The nodes 'sos', 'ras', 'pi3k', 'akt', 'raf', 'mek', 'erk', and 'p90' represent concentrations of enzymatically active proteins at steady state.  This dynamic model is specified as a set of species and reactions between species using Michaelis-Menton kinetics.  The model can be downloaded from [biomodels.org](https://wwwdev.ebi.ac.uk/biomodels/BIOMD0000000427) as a file written in a markup language called SBML, which can be compiled with various software tools.

A module in this repository called `cancer_signaling` uses structural causal modeling to represent the system at *steady state*.  This approach assumes the system is stochastic, and models the probability distribution of the concentrations of the proteins.  The derivations underlying the model can be found in the *bianconi_math* document.

### Counterfactual reasoning on a biochemical model can inform experimental design.

Suppose an experimentalist wanted to do an experiment on the system (eg. forcing a variable's value to increase or knocking it out).  Furthermore, suppose she already has data collected under entirely different conditions than in the proposed experiment.

Counterfactual reasoning could simulate from a probability distribution representing the outcome of the experiment prior to spending the resources on the experiment.  This could save resources by, for example, prioritizing experiments more likely to produce interesting discoveries.

### Who would use this?

This type of dynamic model simulates biochemical reactions in cells. They are used in fields such as drug discovery and synthetic biology to model the effects of an intervention in the cellular system (such as a candidate compound or manipulation of the genetic machinery).

In [16]:
from math import exp

from pprint import pprint
import pyro
from pyro.distributions import LogNormal
from pyro import condition, do, infer, sample
from pyro.infer import EmpiricalMarginal
from pyro.infer.mcmc import MCMC
from pyro.infer.mcmc.nuts import NUTS
import torch

from causal_demon.transmitters import cancer_signaling

from matplotlib import pyplot as plt
%matplotlib inline


### Helper functions for inference

Since the inference algorithm is not the focus of this tutorial, I hide the choice of algorithm in an abstraction.

In [27]:
def infer_noise(model):
    nuts_kernel = NUTS(model, adapt_step_size=True)
    return MCMC(nuts_kernel, num_samples=500, warmup_steps=300)

def infer_noise2(model):
    return pyro.infer.Importance(model, num_samples=1000)

In [3]:
def hist(marginal, name):
    plt.hist([marginal() for _ in range(5000)])
    plt.title("Marginal Histogram of {}".format(name))
    plt.xlabel("concentration")
    plt.ylabel("#")

# Simulating "wild type" data from the model

"Wild type" refers to data forward-generated from the model. 

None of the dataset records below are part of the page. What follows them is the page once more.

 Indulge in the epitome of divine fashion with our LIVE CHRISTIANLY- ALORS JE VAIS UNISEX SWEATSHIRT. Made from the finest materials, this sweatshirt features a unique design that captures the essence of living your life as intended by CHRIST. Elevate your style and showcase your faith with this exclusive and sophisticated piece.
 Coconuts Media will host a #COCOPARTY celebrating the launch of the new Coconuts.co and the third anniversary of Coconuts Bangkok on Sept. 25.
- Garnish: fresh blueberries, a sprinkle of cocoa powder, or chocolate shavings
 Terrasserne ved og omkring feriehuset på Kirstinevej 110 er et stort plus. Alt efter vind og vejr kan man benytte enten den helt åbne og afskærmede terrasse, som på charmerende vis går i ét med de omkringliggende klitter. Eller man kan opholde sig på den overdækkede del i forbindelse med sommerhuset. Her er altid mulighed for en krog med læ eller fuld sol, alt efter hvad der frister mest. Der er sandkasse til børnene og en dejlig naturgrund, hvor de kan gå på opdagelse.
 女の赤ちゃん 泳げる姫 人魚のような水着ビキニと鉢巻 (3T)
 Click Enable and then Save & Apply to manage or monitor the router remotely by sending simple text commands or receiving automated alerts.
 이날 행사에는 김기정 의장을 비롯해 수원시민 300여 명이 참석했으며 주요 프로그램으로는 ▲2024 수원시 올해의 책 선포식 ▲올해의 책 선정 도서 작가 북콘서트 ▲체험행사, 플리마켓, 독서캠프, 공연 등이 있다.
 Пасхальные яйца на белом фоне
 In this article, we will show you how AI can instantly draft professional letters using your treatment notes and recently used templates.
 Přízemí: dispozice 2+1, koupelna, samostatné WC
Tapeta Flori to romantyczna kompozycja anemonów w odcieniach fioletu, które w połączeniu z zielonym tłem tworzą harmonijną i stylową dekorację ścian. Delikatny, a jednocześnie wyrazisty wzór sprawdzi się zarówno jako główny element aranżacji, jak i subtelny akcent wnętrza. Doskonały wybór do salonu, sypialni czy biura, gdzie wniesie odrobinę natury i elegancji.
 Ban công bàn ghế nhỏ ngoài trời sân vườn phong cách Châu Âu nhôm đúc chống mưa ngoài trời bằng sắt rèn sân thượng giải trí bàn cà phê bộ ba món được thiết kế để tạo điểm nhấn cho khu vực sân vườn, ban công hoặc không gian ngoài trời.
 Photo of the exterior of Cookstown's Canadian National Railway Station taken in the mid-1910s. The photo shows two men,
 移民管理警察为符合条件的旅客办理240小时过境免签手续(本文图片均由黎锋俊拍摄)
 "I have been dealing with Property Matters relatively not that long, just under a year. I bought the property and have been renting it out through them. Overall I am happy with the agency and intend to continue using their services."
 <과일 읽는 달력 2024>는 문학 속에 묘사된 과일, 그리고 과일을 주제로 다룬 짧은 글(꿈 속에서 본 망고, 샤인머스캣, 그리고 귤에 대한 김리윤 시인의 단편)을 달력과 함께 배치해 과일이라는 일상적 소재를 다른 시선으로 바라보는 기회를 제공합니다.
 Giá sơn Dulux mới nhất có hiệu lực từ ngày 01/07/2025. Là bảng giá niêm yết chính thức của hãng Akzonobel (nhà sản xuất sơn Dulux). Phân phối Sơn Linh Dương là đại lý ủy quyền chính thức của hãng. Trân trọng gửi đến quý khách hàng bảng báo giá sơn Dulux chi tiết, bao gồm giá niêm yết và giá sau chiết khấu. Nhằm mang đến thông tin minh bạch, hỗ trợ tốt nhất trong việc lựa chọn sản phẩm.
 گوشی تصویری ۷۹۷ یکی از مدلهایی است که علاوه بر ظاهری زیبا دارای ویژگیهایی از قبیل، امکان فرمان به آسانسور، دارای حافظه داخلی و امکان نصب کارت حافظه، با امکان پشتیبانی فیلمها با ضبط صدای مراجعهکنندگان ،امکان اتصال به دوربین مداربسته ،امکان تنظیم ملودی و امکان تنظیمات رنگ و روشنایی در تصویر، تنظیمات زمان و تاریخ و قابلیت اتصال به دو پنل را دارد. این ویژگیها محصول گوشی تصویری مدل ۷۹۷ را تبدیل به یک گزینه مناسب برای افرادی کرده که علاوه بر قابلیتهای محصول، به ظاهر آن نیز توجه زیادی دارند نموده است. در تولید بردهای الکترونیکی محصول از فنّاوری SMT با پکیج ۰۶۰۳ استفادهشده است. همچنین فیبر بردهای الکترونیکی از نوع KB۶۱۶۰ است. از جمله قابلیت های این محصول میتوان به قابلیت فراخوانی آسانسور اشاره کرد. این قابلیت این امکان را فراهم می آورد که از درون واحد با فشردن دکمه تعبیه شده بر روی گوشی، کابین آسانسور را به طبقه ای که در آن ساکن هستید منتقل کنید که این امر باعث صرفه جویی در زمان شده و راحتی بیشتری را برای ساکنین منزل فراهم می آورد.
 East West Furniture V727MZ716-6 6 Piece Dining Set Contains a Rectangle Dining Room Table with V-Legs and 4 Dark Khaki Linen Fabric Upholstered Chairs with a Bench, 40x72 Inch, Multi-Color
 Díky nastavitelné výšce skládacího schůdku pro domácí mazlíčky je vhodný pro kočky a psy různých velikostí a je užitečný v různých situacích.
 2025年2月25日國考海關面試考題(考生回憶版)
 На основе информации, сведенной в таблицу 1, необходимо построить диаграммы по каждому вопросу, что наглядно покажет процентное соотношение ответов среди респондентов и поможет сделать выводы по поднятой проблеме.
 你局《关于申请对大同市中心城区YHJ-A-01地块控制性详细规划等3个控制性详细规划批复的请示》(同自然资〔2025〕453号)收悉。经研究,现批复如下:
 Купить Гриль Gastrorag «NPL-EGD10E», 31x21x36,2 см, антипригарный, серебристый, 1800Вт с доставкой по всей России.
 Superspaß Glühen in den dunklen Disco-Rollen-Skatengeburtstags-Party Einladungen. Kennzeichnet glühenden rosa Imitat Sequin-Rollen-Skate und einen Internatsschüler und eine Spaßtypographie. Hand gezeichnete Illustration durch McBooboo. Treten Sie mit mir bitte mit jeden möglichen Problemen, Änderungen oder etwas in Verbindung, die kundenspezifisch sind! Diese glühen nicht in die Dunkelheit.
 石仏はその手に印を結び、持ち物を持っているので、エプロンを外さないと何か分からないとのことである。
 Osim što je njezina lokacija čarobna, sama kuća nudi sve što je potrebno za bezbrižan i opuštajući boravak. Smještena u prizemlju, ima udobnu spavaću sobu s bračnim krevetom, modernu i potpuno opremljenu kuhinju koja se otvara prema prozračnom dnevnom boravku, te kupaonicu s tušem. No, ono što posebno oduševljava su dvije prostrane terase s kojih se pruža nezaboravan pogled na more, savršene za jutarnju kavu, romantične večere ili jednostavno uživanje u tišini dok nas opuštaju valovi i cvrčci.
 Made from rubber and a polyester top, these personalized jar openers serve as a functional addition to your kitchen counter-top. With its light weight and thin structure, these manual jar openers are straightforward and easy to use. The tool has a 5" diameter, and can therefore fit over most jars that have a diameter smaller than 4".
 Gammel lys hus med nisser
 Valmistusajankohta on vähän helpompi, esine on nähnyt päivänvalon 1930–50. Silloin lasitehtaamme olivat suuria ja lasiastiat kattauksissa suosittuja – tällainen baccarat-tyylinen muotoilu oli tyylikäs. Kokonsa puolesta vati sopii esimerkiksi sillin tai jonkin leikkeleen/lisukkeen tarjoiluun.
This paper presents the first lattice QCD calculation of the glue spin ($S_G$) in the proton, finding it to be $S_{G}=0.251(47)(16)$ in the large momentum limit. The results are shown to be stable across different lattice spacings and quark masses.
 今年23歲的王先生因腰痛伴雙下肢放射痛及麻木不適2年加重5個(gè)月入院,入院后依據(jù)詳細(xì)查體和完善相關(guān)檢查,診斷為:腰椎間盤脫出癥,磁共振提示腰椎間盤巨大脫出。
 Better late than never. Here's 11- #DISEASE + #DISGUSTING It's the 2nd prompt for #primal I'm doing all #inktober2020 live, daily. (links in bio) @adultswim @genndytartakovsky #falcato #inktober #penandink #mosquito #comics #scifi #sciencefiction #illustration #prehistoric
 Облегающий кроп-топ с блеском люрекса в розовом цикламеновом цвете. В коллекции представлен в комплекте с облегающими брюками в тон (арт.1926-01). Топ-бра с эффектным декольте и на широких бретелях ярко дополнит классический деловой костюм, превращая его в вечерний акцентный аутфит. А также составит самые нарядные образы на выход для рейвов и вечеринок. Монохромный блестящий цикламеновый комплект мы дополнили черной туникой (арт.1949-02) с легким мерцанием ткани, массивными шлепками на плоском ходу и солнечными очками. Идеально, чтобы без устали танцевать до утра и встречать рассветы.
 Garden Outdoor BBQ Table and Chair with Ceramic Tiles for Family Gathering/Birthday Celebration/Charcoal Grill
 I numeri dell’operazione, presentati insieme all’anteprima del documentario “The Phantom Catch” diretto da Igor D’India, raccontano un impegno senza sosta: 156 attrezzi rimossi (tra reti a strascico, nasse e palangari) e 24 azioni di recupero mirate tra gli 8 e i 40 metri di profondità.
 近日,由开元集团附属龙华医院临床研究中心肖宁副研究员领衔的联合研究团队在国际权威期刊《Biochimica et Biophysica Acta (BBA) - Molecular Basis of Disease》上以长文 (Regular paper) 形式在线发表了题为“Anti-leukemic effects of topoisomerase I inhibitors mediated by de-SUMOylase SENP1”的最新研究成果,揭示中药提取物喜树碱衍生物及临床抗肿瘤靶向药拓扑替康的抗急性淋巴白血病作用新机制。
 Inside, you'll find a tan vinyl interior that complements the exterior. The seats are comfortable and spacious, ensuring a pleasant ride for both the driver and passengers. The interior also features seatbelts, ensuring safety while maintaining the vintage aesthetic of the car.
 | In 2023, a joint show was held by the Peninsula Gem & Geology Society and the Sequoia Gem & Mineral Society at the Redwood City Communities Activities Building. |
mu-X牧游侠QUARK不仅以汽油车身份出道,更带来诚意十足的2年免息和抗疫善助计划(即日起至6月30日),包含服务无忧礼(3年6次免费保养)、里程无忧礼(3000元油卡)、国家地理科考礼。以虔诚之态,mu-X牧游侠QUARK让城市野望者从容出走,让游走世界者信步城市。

Pass in noise variables that capture the variation in the model.  Each noise term is modeled with a weakly informed prior. The `independent` method reshapes the distribution such that data replicates will be independent.

In [4]:
noise_vars = ['N_egf', 'N_igf', 'N_sos', 'N_ras', 'N_pi3k', 'N_akt', 'N_raf', 'N_mek', 'N_erk']
noise_priors = {N: LogNormal(0, 10).independent() for N in noise_vars}

`sample_shape` captures the dimensions of the data. Here we simulate 4 observations.

In [5]:
cancer_signaling(noise_priors, sample_shape=torch.Size([4]))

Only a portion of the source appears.